▸ **DATA RECORDS**
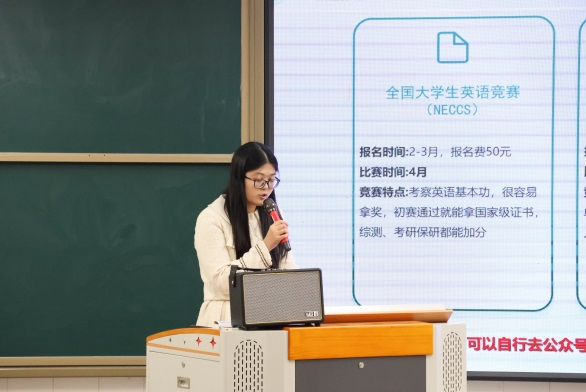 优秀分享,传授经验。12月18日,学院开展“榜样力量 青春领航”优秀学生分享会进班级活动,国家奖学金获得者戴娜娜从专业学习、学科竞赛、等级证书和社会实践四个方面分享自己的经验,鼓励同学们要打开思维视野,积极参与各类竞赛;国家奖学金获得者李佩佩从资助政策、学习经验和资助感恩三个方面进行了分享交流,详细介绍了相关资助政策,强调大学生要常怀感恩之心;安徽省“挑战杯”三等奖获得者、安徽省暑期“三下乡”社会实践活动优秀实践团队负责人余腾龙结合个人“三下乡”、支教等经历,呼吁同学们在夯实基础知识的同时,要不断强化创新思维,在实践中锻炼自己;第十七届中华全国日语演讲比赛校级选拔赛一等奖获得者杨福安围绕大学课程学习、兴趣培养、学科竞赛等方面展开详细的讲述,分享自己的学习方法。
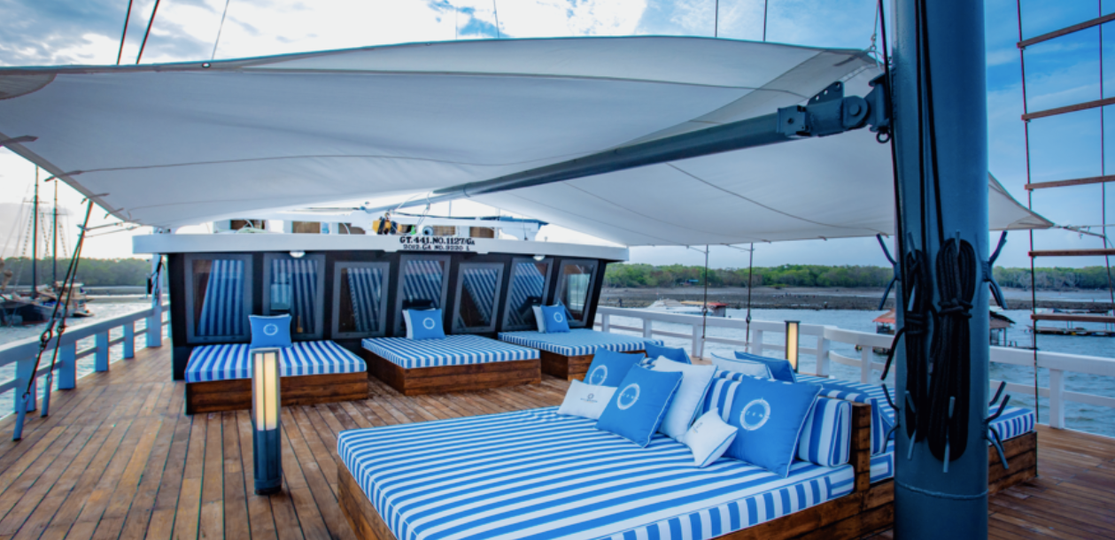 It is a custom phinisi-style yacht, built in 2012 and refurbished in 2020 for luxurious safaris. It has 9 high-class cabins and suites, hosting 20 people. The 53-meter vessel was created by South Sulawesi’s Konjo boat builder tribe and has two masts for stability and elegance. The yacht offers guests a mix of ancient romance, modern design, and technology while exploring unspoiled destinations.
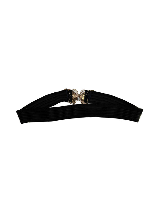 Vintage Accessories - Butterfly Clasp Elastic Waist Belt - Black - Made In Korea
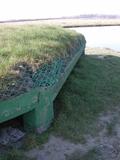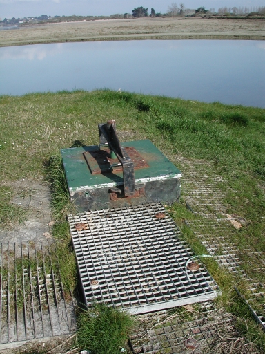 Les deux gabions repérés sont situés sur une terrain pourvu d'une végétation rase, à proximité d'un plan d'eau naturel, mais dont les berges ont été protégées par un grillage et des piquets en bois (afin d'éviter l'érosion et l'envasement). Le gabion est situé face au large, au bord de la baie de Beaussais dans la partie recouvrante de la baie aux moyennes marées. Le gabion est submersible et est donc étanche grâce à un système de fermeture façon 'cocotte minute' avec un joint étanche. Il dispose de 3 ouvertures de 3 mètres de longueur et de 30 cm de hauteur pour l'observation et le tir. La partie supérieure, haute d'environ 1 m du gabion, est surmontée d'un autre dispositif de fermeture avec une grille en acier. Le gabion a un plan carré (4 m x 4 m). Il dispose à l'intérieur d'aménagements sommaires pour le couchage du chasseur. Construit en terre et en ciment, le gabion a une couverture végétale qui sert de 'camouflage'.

---

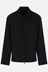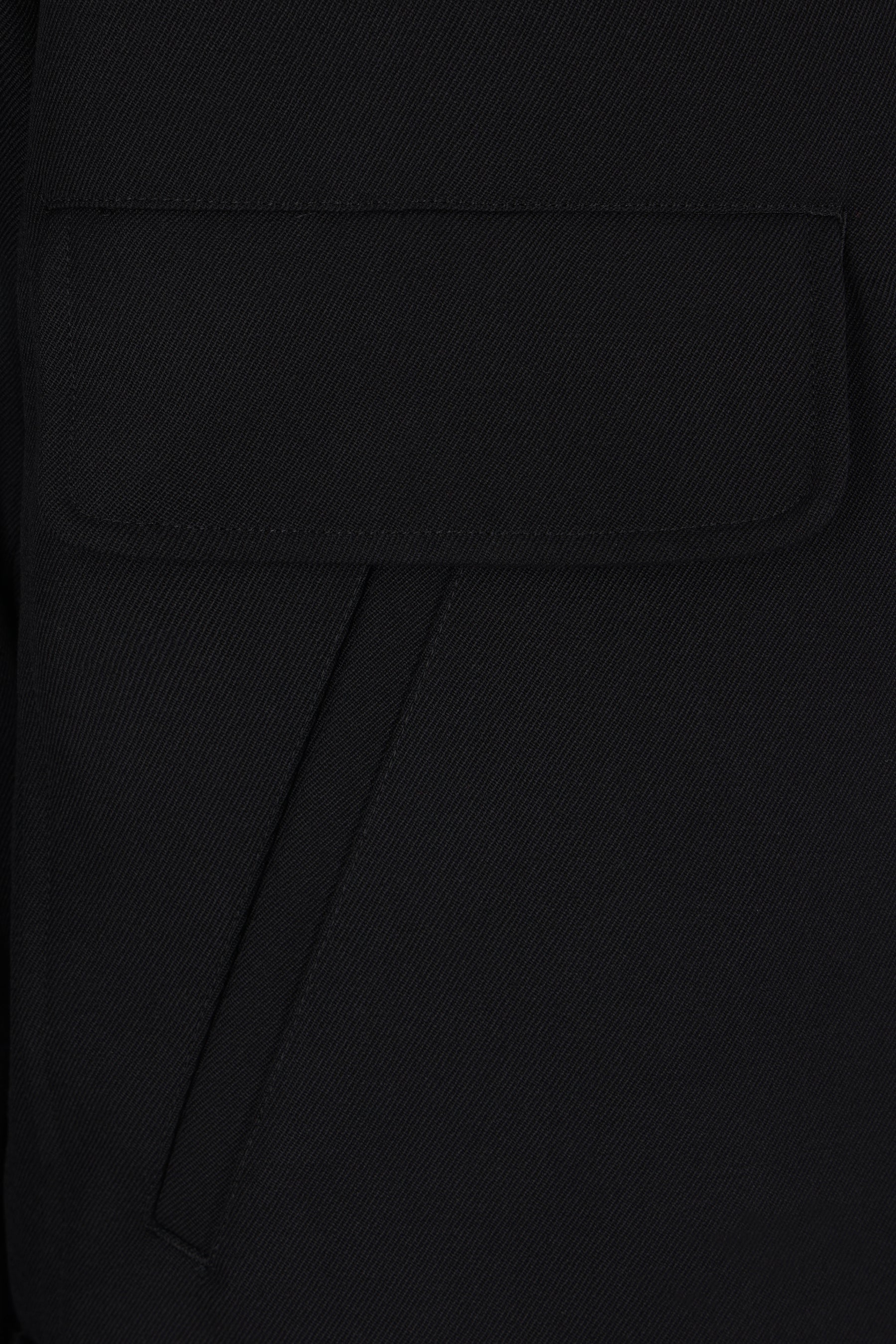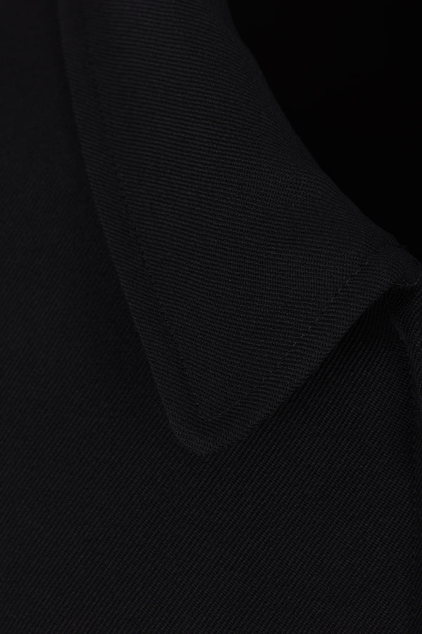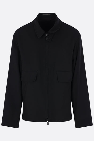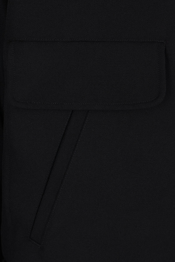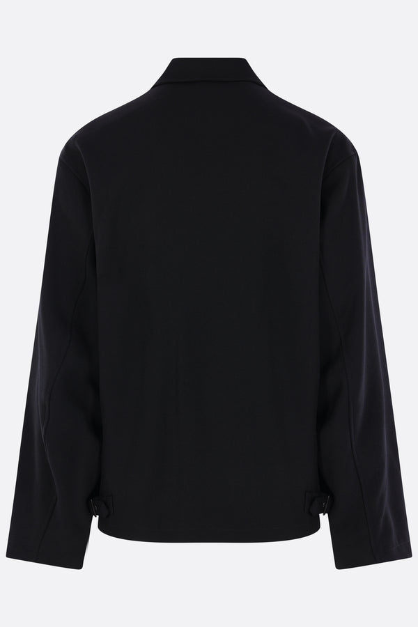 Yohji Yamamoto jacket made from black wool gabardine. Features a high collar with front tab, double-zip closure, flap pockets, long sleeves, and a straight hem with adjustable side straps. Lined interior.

▸ **ACTION ITEM**
In the data above, retype only the stretch from the line with "Vintage Accessories - Butterfly" through the line with "Les deux gabions", word for word, and skip any pictures.

▸ **RESPONSE**
 Vintage Accessories - Butterfly Clasp Elastic Waist Belt - Black - Made In Korea
 Les deux gabions repérés sont situés sur une terrain pourvu d'une végétation rase, à proximité d'un plan d'eau naturel, mais dont les berges ont été protégées par un grillage et des piquets en bois (afin d'éviter l'érosion et l'envasement). Le gabion est situé face au large, au bord de la baie de Beaussais dans la partie recouvrante de la baie aux moyennes marées. Le gabion est submersible et est donc étanche grâce à un système de fermeture façon 'cocotte minute' avec un joint étanche. Il dispose de 3 ouvertures de 3 mètres de longueur et de 30 cm de hauteur pour l'observation et le tir. La partie supérieure, haute d'environ 1 m du gabion, est surmontée d'un autre dispositif de fermeture avec une grille en acier. Le gabion a un plan carré (4 m x 4 m). Il dispose à l'intérieur d'aménagements sommaires pour le couchage du chasseur. Construit en terre et en ciment, le gabion a une couverture végétale qui sert de 'camouflage'.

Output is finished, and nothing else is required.